■ **Try it**:
Copy out each record that follows exactly, and omit any picture you find.
═══ Data for this task
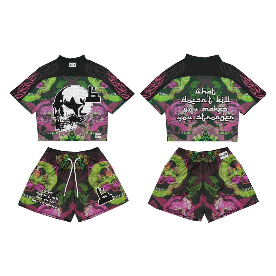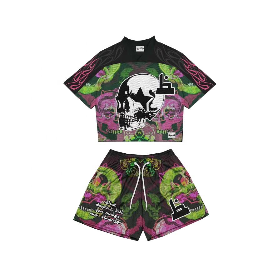 100% algodón pesado transpirable personalizable de talla grande de dos piezas para hombre Camiseta de gran tamaño conjunto de pantalones cortos estampado ecológico
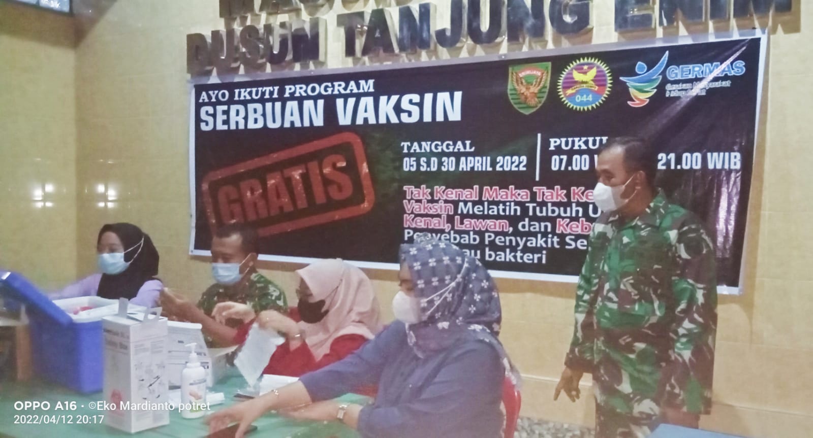 INFOMUARAENIM.COM – Kodim 404 Muara Enim melalui Koramil 404-05 Tanjung Enim program serbuan vaksin dosis 1, 2 dan Booster guna mendukung program pemerintah dalam rangka meningkatkan kekebalan kelompok (herd immunity) masyarakat Tanjung Enim Kecamatan Lawang Kidul Kabupaten Muara Enim. Selasa (12/04)
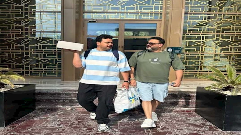 شارك الفنان أكرم حسني متابعيه صورة تجمعه بالفنان مصطفى غريب، استعدادًا لعرض مسرحية “ألف تيتة وتيتة” بالرياض.
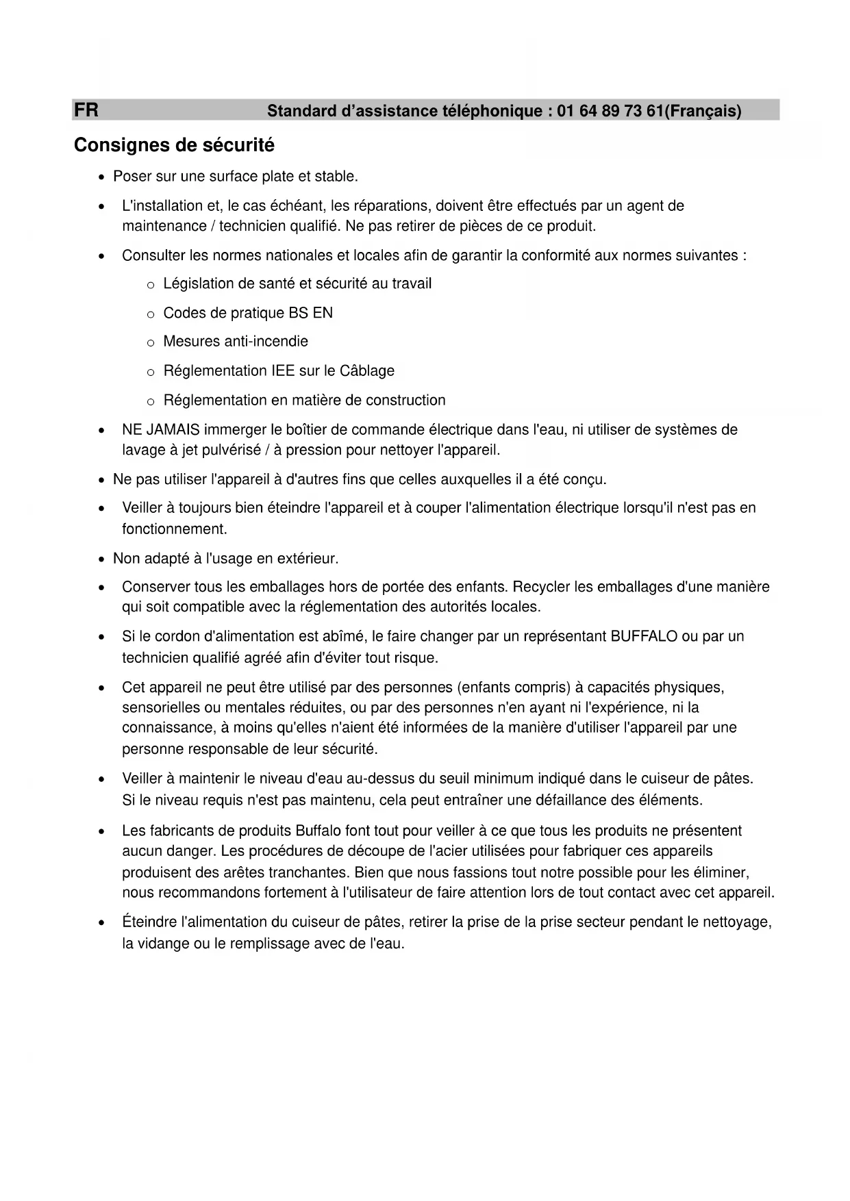 - Erdleiter (grün/gelb) an Klemme E Das Gerät muss über eine spezielle Erdleitung geerdet werden. Bei Fragen wenden Sie sich bitte an einen qualifizierten Elektriker. Elektroisolierpunkte dürfen nicht blockiert werden. Bei einem erforderlichen Notstopp müssen diese Punkte jederzeit sofort zugänglich sein. Konformität Das WEEE-Logo an diesem Produkt oder in der Dokumentation deutet darauf hin, dass das Produkt nicht im normalen Haushaltsmüll entsorgt werden darf. Um mögliche Gesundheits- bzw. Umweltschäden zu vermeiden, muss das Produkt durch einen zugelassenen und umweltverträglichen Recycling-Prozess entsorgt werden. Für weitere Informationen zur korrekten Entsorgung dieses Produkts wenden Sie sich bitte an den Lieferanten oder die für Müllentsorgung zuständige Behörde in Ihrer Nähe. Alle BUFFALO-Produkte werden strengen Tests unterzogen, um die Einhaltung von Normen und Spezifikationen internationaler und nationaler Behörden und unabhängiger Organisationen zu gewährleisten. BUFFALO-Produkte dürfen durch folgendes Symbol gekennzeichnet werden: Alle Rechte vorbehalten. Diese Anleitung darf ohne vorherige schriftliche Erlaubnis von BUFFALO weder ganz noch auszugsweise in irgendeiner Form und auf irgendeinem Wege – ob elektronisch, mechanisch, durch Fotokopieren oder anderweitig – vervielfältigt oder übertragen werden. Es werden alle Anstrengungen unternommen um sicherzustellen, dass alle Angaben bei Drucklegung korrekt sind. BUFFALO behält sich jedoch das Recht vor, Spezifikationen ohne Vorankündigung zu ändern.FR Standard d’assistance téléphonique : 01 64 89 73 61(Français) Consignes de sécurité Poser sur une surface plate et stable. L'installation et, le cas échéant, les réparations, doivent être effectués par un agent de maintenance / technicien qualifié. Ne pas retirer de pièces de ce produit. Consulter les normes nationales et locales afin de garantir la conformité aux normes suivantes : o Législation de santé et sécurité au travail o Codes de pratique BS EN o Mesures anti-incendie o Réglementation IEE sur le Câblage o Réglementation en matière de construction NE JAMAIS immerger le boîtier de commande électrique dans l'eau, ni utiliser de systèmes de lavage à jet pulvérisé / à pression pour nettoyer l'appareil. Ne pas utiliser l'appareil à d'autres fins que celles auxquelles il a été conçu. Veiller à toujours bien éteindre l'appareil et à couper l'alimentation électrique lorsqu'il n'est pas en fonctionnement. Non adapté à l'usage en extérieur. Conserver tous les emballages hors de portée des enfants. Recycler les emballages d'une manière qui soit compatible avec la réglementation des autorités locales. Si le cordon d'alimentation est abîmé, le faire changer par un représentant BUFFALO ou par un technicien qualifié agréé afin d'éviter tout risque. Cet appareil ne peut être utilisé par des personnes (enfants compris) à capacités physiques, sensorielles ou mentales réduites, ou par des personnes n'en ayant ni l'expérience, ni la connaissance, à moins qu'elles n'aient été informées de la manière d'utiliser l'appareil par une personne responsable de leur sécurité. Veiller à maintenir le niveau d'eau au-dessus du seuil minimum indiqué dans le cuiseur de pâtes. Si le niveau requis n'est pas maintenu, cela peut entraîner une défaillance des éléments. Les fabricants de produits Buffalo font tout pour veiller à ce que tous les produits ne présentent aucun danger. Les procédures de découpe de l'acier utilisées pour fabriquer ces appareils produisent des arêtes tranchantes. Bien que nous fassions tout notre possible pour les éliminer, nous recommandons fortement à l'utilisateur de faire attention lors de tout contact avec cet appareil. Éteindre l'alimentation du cuiseur de pâtes, retirer la prise de la prise secteur pendant le nettoyage, la vidange ou le remplissage avec de l'eau.Standard d’assistance téléphonique : 050-60006 (Belgique) FR Introduction Merci d'avoir acheté le cuiseur de pâtes électrique Buffalo. Avant toute utilisation de ce produit, veuillez lire attentivement ce mode d'emploi pour une utilisation sans problèmes et des résultats efficaces. Conservez ce mode d'emploi dans un endroit sûr pour toute référence ultérieure. Buffalo décline toute responsabilité en cas de défaillance du produit lorsque : Les instructions de ce manuel n'ont pas été suivies correctement, Du personnel non qualifié ou non autorisé a réglé le cuiseur de pâtes, Des pièces détachées non authentiques ont été utilisées, Le cuiseur de pâtes n'a pas été manipulé, ni nettoyé correctement, Le cuiseur de pâtes a été utilisé à des fins pour lesquelles il n'est pas conçu.
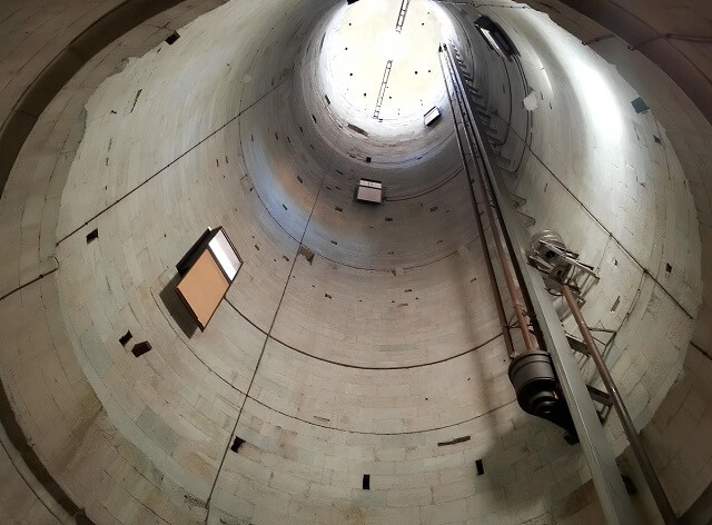 Der Eingang erfolgt von der Westseite. Nach oben führen 3 Wendeltreppen – vom 1. bis zum 6. Stock mit Ausgang zur äußeren Galerie, vom 6. bis zum 7. Stock, und die kleinste – zur obersten Ebene.
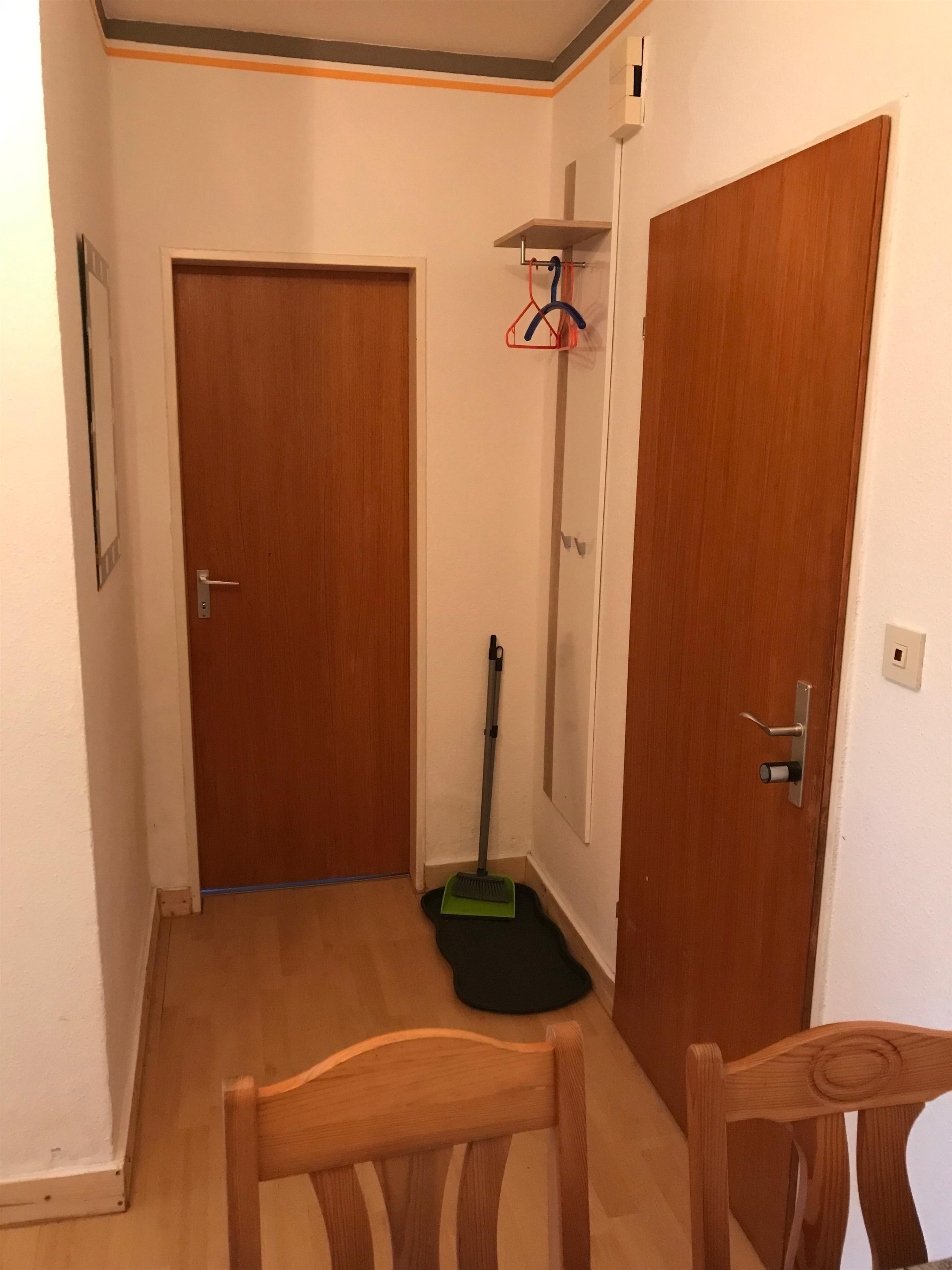 Diese 65 qm große Ferienwohnung hat 6 Räume, bestehend aus einer Wohnküche, zwei Schlafzimmern, Flur, einem Badezimmer und einer separaten Toilette. Der Wohnteil hat ein Sofa, einen Couchtisch und einen SAT-Fernseher. Der Küchenteil ist mit Wasserkocher, Kaffeemaschine, Handmixer, Herd, Backofen, Toaster, Kühlschrank, Geschirr, Besteck, Pfannen und Töpfen ausgestattet. Im Flur steht ein Eßtisch mit 4 Stühlen.
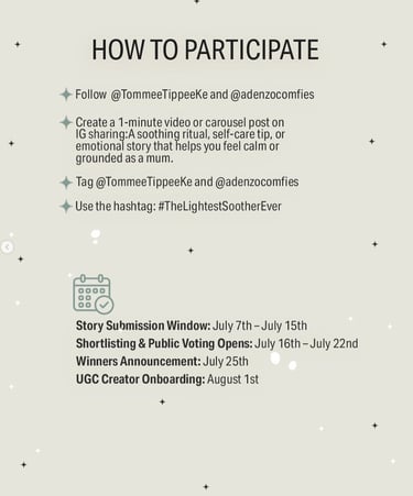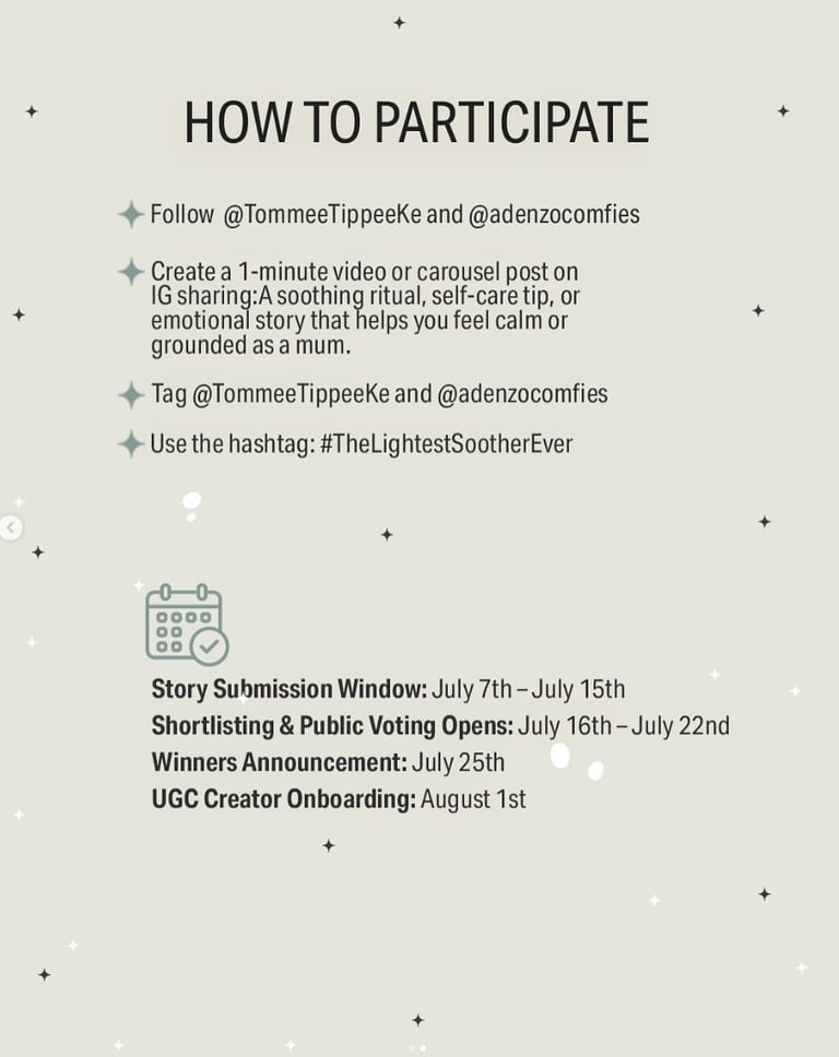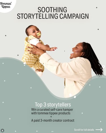To kick off our interactions with our amazing parenting community in Kenya, we launched our Soothing Storytelling Campaign. This competition asked parents to submit a 1-minute reel showing either a soothing ritual you use with your baby, a self-care tip that helps you stay calm or a short, emotional story about a personal mum moment that grounds you. Winners would collaborate with us as a paid UGC creator!
══════
■ **Reply**:
 100% algodón pesado transpirable personalizable de talla grande de dos piezas para hombre Camiseta de gran tamaño conjunto de pantalones cortos estampado ecológico
 INFOMUARAENIM.COM – Kodim 404 Muara Enim melalui Koramil 404-05 Tanjung Enim program serbuan vaksin dosis 1, 2 dan Booster guna mendukung program pemerintah dalam rangka meningkatkan kekebalan kelompok (herd immunity) masyarakat Tanjung Enim Kecamatan Lawang Kidul Kabupaten Muara Enim. Selasa (12/04)
 شارك الفنان أكرم حسني متابعيه صورة تجمعه بالفنان مصطفى غريب، استعدادًا لعرض مسرحية “ألف تيتة وتيتة” بالرياض.
 - Erdleiter (grün/gelb) an Klemme E Das Gerät muss über eine spezielle Erdleitung geerdet werden. Bei Fragen wenden Sie sich bitte an einen qualifizierten Elektriker. Elektroisolierpunkte dürfen nicht blockiert werden. Bei einem erforderlichen Notstopp müssen diese Punkte jederzeit sofort zugänglich sein. Konformität Das WEEE-Logo an diesem Produkt oder in der Dokumentation deutet darauf hin, dass das Produkt nicht im normalen Haushaltsmüll entsorgt werden darf. Um mögliche Gesundheits- bzw. Umweltschäden zu vermeiden, muss das Produkt durch einen zugelassenen und umweltverträglichen Recycling-Prozess entsorgt werden. Für weitere Informationen zur korrekten Entsorgung dieses Produkts wenden Sie sich bitte an den Lieferanten oder die für Müllentsorgung zuständige Behörde in Ihrer Nähe. Alle BUFFALO-Produkte werden strengen Tests unterzogen, um die Einhaltung von Normen und Spezifikationen internationaler und nationaler Behörden und unabhängiger Organisationen zu gewährleisten. BUFFALO-Produkte dürfen durch folgendes Symbol gekennzeichnet werden: Alle Rechte vorbehalten. Diese Anleitung darf ohne vorherige schriftliche Erlaubnis von BUFFALO weder ganz noch auszugsweise in irgendeiner Form und auf irgendeinem Wege – ob elektronisch, mechanisch, durch Fotokopieren oder anderweitig – vervielfältigt oder übertragen werden. Es werden alle Anstrengungen unternommen um sicherzustellen, dass alle Angaben bei Drucklegung korrekt sind. BUFFALO behält sich jedoch das Recht vor, Spezifikationen ohne Vorankündigung zu ändern.FR Standard d’assistance téléphonique : 01 64 89 73 61(Français) Consignes de sécurité Poser sur une surface plate et stable. L'installation et, le cas échéant, les réparations, doivent être effectués par un agent de maintenance / technicien qualifié. Ne pas retirer de pièces de ce produit. Consulter les normes nationales et locales afin de garantir la conformité aux normes suivantes : o Législation de santé et sécurité au travail o Codes de pratique BS EN o Mesures anti-incendie o Réglementation IEE sur le Câblage o Réglementation en matière de construction NE JAMAIS immerger le boîtier de commande électrique dans l'eau, ni utiliser de systèmes de lavage à jet pulvérisé / à pression pour nettoyer l'appareil. Ne pas utiliser l'appareil à d'autres fins que celles auxquelles il a été conçu. Veiller à toujours bien éteindre l'appareil et à couper l'alimentation électrique lorsqu'il n'est pas en fonctionnement. Non adapté à l'usage en extérieur. Conserver tous les emballages hors de portée des enfants. Recycler les emballages d'une manière qui soit compatible avec la réglementation des autorités locales. Si le cordon d'alimentation est abîmé, le faire changer par un représentant BUFFALO ou par un technicien qualifié agréé afin d'éviter tout risque. Cet appareil ne peut être utilisé par des personnes (enfants compris) à capacités physiques, sensorielles ou mentales réduites, ou par des personnes n'en ayant ni l'expérience, ni la connaissance, à moins qu'elles n'aient été informées de la manière d'utiliser l'appareil par une personne responsable de leur sécurité. Veiller à maintenir le niveau d'eau au-dessus du seuil minimum indiqué dans le cuiseur de pâtes. Si le niveau requis n'est pas maintenu, cela peut entraîner une défaillance des éléments. Les fabricants de produits Buffalo font tout pour veiller à ce que tous les produits ne présentent aucun danger. Les procédures de découpe de l'acier utilisées pour fabriquer ces appareils produisent des arêtes tranchantes. Bien que nous fassions tout notre possible pour les éliminer, nous recommandons fortement à l'utilisateur de faire attention lors de tout contact avec cet appareil. Éteindre l'alimentation du cuiseur de pâtes, retirer la prise de la prise secteur pendant le nettoyage, la vidange ou le remplissage avec de l'eau.Standard d’assistance téléphonique : 050-60006 (Belgique) FR Introduction Merci d'avoir acheté le cuiseur de pâtes électrique Buffalo. Avant toute utilisation de ce produit, veuillez lire attentivement ce mode d'emploi pour une utilisation sans problèmes et des résultats efficaces. Conservez ce mode d'emploi dans un endroit sûr pour toute référence ultérieure. Buffalo décline toute responsabilité en cas de défaillance du produit lorsque : Les instructions de ce manuel n'ont pas été suivies correctement, Du personnel non qualifié ou non autorisé a réglé le cuiseur de pâtes, Des pièces détachées non authentiques ont été utilisées, Le cuiseur de pâtes n'a pas été manipulé, ni nettoyé correctement, Le cuiseur de pâtes a été utilisé à des fins pour lesquelles il n'est pas conçu.
 Der Eingang erfolgt von der Westseite. Nach oben führen 3 Wendeltreppen – vom 1. bis zum 6. Stock mit Ausgang zur äußeren Galerie, vom 6. bis zum 7. Stock, und die kleinste – zur obersten Ebene.
 Diese 65 qm große Ferienwohnung hat 6 Räume, bestehend aus einer Wohnküche, zwei Schlafzimmern, Flur, einem Badezimmer und einer separaten Toilette. Der Wohnteil hat ein Sofa, einen Couchtisch und einen SAT-Fernseher. Der Küchenteil ist mit Wasserkocher, Kaffeemaschine, Handmixer, Herd, Backofen, Toaster, Kühlschrank, Geschirr, Besteck, Pfannen und Töpfen ausgestattet. Im Flur steht ein Eßtisch mit 4 Stühlen.
To kick off our interactions with our amazing parenting community in Kenya, we launched our Soothing Storytelling Campaign. This competition asked parents to submit a 1-minute reel showing either a soothing ritual you use with your baby, a self-care tip that helps you stay calm or a short, emotional story about a personal mum moment that grounds you. Winners would collaborate with us as a paid UGC creator!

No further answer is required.